-- Extracted records follows --

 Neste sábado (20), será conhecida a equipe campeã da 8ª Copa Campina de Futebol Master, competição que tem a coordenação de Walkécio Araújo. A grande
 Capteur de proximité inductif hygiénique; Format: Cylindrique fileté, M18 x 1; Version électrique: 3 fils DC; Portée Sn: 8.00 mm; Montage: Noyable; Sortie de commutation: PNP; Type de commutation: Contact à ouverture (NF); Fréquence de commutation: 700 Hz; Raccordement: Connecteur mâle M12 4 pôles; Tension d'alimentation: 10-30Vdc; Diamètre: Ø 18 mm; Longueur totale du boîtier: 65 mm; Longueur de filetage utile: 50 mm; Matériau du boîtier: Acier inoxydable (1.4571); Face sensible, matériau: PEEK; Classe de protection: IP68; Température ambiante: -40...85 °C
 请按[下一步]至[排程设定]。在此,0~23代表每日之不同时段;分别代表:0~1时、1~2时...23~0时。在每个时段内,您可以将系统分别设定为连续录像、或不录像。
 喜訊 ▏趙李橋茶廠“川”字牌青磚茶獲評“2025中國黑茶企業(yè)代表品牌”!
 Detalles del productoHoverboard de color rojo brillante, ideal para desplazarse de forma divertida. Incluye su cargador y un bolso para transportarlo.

-- Extracted records concluded --
-- Extracted records follows --

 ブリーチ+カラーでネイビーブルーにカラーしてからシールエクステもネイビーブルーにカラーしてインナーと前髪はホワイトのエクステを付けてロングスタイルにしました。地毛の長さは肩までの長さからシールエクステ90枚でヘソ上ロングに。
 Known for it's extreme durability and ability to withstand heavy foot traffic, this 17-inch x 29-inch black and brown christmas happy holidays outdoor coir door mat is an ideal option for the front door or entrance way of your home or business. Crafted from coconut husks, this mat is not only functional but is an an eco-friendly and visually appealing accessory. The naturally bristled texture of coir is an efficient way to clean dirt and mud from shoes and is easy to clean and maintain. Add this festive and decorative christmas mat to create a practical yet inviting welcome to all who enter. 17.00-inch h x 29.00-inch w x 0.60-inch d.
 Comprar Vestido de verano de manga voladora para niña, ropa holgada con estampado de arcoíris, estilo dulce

-- Extracted records concluded --
-- Extracted records follows --

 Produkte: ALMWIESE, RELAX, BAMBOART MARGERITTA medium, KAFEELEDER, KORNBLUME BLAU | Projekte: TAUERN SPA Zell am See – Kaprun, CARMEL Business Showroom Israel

-- Extracted records concluded --

● **Activity**:
In the records above, locate every line with the string "para" and copy it.

● **Solution to this task**:
 Detalles del productoHoverboard de color rojo brillante, ideal para desplazarse de forma divertida. Incluye su cargador y un bolso para transportarlo.
 Comprar Vestido de verano de manga voladora para niña, ropa holgada con estampado de arcoíris, estilo dulce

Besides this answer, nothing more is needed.